Some parishioners would attribute this to Father Alkire’s tireless promotion of religious life, but he turns the credit over to God. “It is the fruit of the adoration of Jesus in the Eucharist,” he says. “We shouldn’t be seen as a vocations factory, but as a little oasis where people have the luxury to spend time with him, speak to him from the heart and fall in love. He will do the rest.”

St. Boniface offers weekly Eucharistic adoration and Benediction on Sunday evenings and nocturnal adoration on the first Friday of every month.

All Catholics should have an authentic devotional life centered around the body and blood of Jesus, Father Alkire says. Yet intellectual formation is equally important. Accordingly, the parish just completed a Lenten mission and has embarked on a series of talks based on the Mass.

“The New Evangelization includes taking what God has given us spiritually and intellectually and bringing it to the schools, to the university and to the workplace,” says Father Alkire.

St. Boniface’s youth group, called the Knights of the Immaculata after the organization founded by St. Maximilian Kolbe, is one example of how this applies in real life.

“The youth Knights basically have a goal of being Mary’s knights on earth with the sole purpose of bringing souls closer to Christ,” says parishioner Thomas Haan, a freshman at Purdue University.

The group meets on Sunday nights and participates in a variety of apostolic works.

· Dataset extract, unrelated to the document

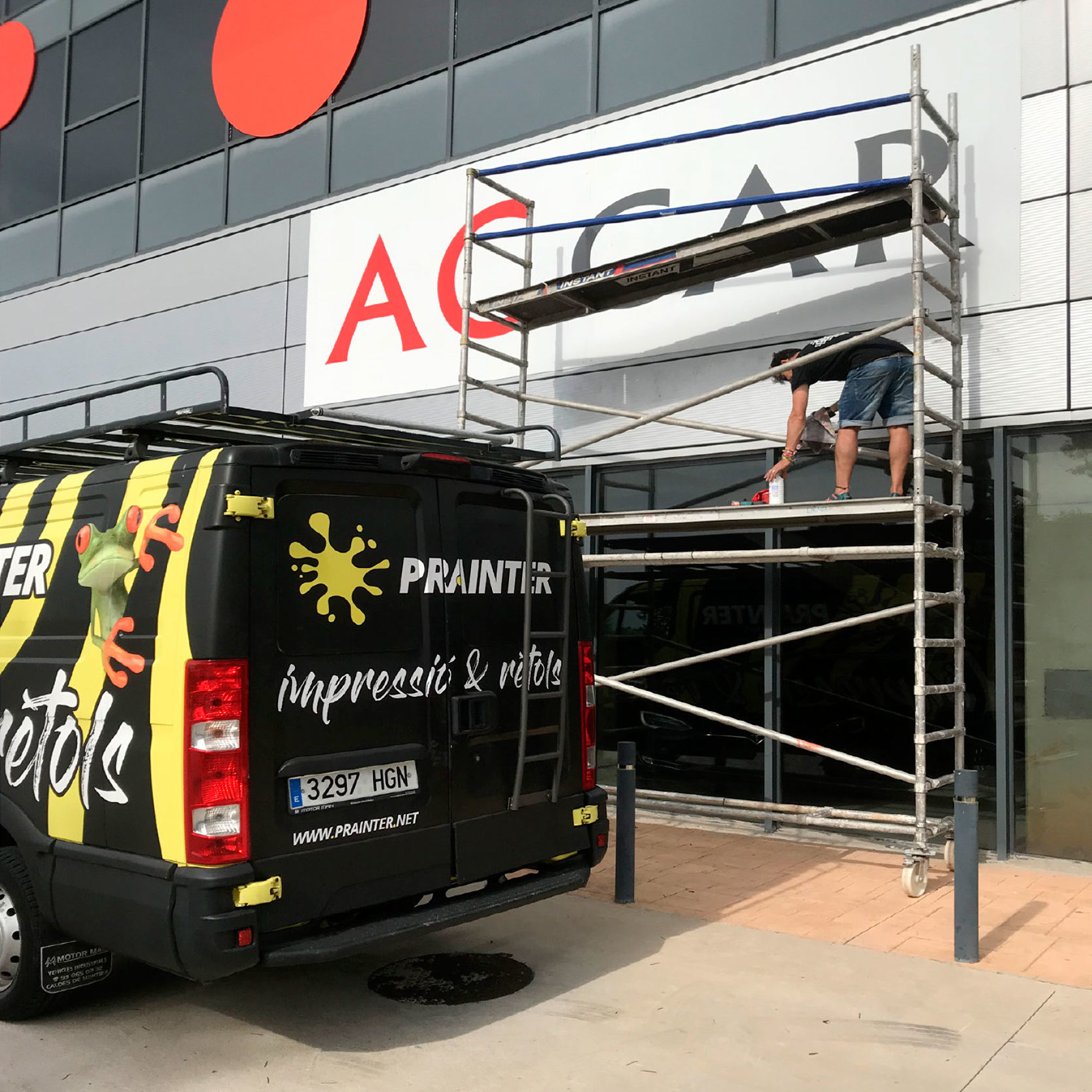 ACCAR necessitava retolar les noves instal·lacions a Vilanova i la Geltrú. En aquest cas vem utilitzar una placa de composite de grans dimensions i vem retolar la resta de façana amb vinil de tall.

Currently, they are working on spiritual bouquets for Pope Benedict. “We also go on little raids where we are armed with Miraculous Medals,” says Haan. “We go door-to-door handing out medals, telling the history and why we are at their doorstep.”

As the Wilsons attest, Father Alkire stresses tried and true Church traditions, from Eucharistic processions to Marian devotions.

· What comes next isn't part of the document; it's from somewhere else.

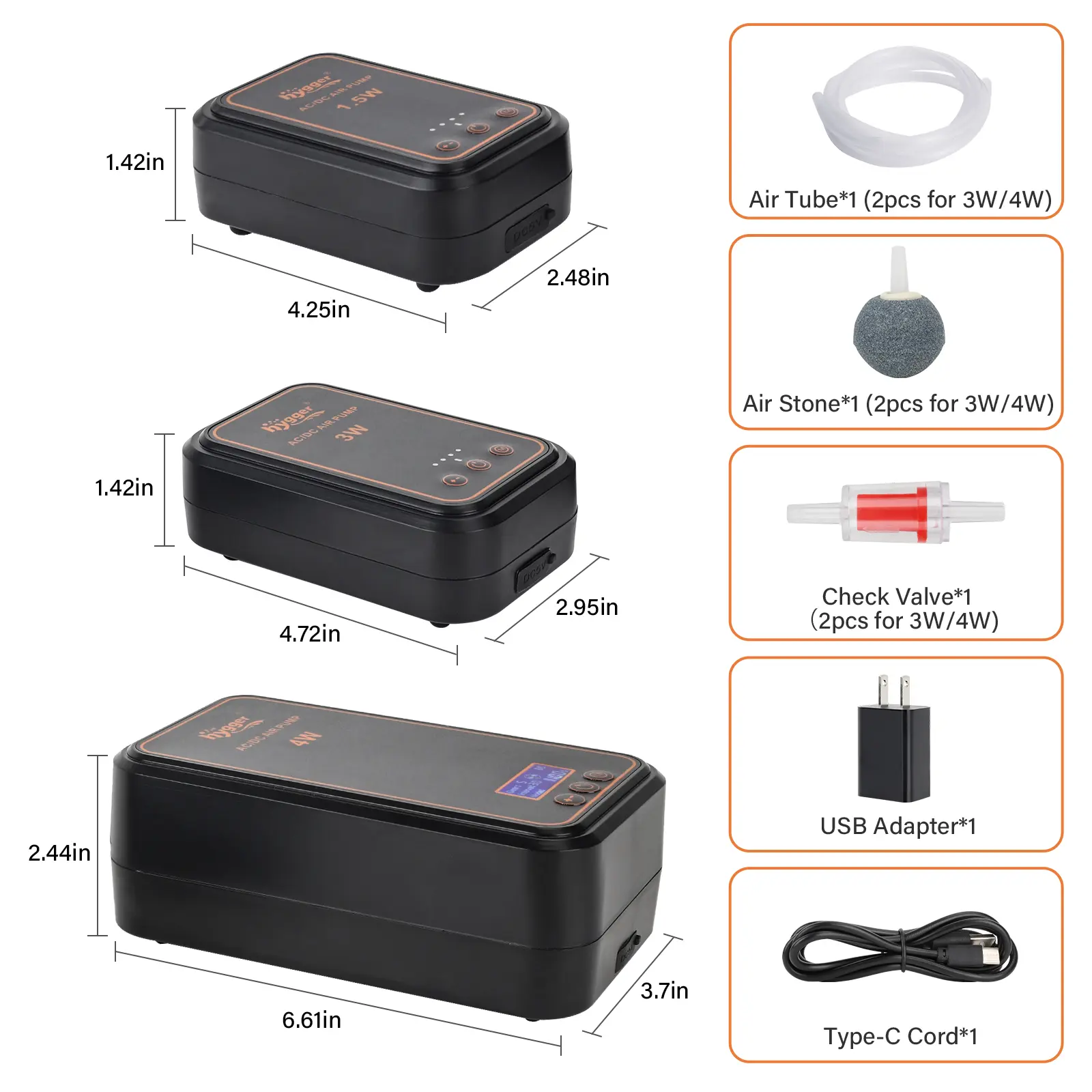 Includes air tubes, stones, valves, USB cable, adapter

“There was a mindset at a certain point that these things are old-fashioned and we needed new forms of renewal,” says Father Alkire. “It would be folly to take things the Church has given us that are beautiful and filled with grace and toss them out.”

The result can be seen in the fact that the demand for the sacrament of confession has grown. Initially confessions were heard for one hour a week, but now priests are available on Wednesdays, Saturdays and first Fridays, when they begin at 7 p.m. and sometimes stretch until after midnight.

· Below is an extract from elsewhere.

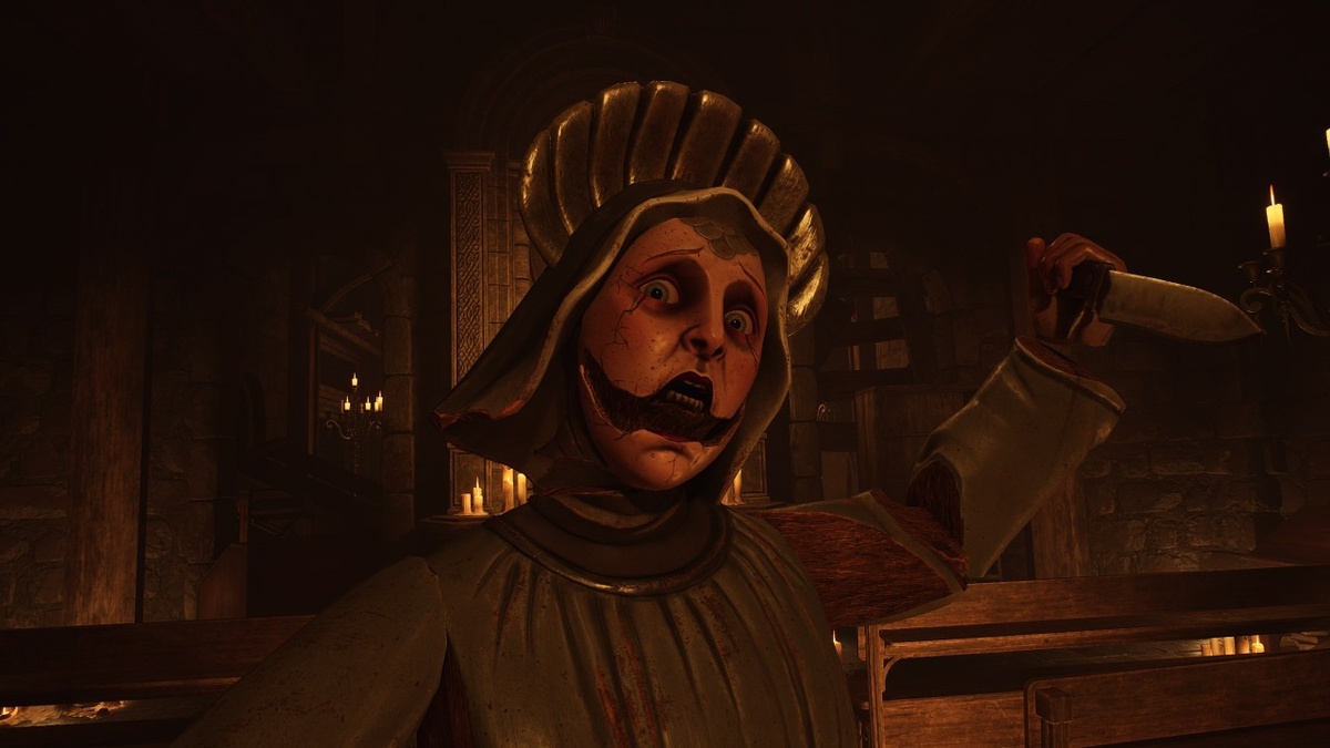 Врагов всего несколько видов: обычные идолы, раздваивающиеся усиленные статуи, летающие херувимчики-снайперы, живые турели и лавкрафтовские амфибии. По сути, пугают и создают проблемы только последние: они внезапно выскакивают из картин в тёмных подземельях и стремительно атакуют. Остальные, включая боссов, слишком медлительны, поэтому у них редко получается сократить дистанцию до протагониста. В ближнем бою идолы делают резкие выпады в духе Silent Hill f, которые можно парировать ножом. Но зачем так рисковать, если легче расстрелять болванчиков издалека или на крайний случай в упор?

“When people need Jesus and want Jesus,” says Father Alkire, “we have to provide Our Lord to them.”

St. Boniface has a vibrant Hispanic community — thanks, in no small part, to Father Alkire’s fluency in the Spanish language.

“To hear the Mass in English is good, but there are many people who don’t understand it,” says Luis Salazar, a parishioner since 1982. “When I have talked to many of them, they say it is very touching that he does it in Spanish.”

St. Boniface addresses parishioners’ temporal needs as well as spiritual. To meet a pressing medical concern in the Hispanic community, the parish hosted a health fair on April 2 that primarily focused on prenatal care. “We are working very hard to come up with an initiative to provide prenatal vitamins for people who cannot afford them,” says Father Alkire.

Parishioners marvel at the tirelessness of their pastor. “Many priests would not have the energy or willingness to be up past 10 o’clock on a Sunday night with loud, obnoxious kids,” says Haan.

When asked about his seemingly boundless energy, Father Alkire says: “I say to God every day, ‘I give this day to you. Whatever you give I accept.’”


Monta Monaco Hernon writes from La Grange Park, Illinois.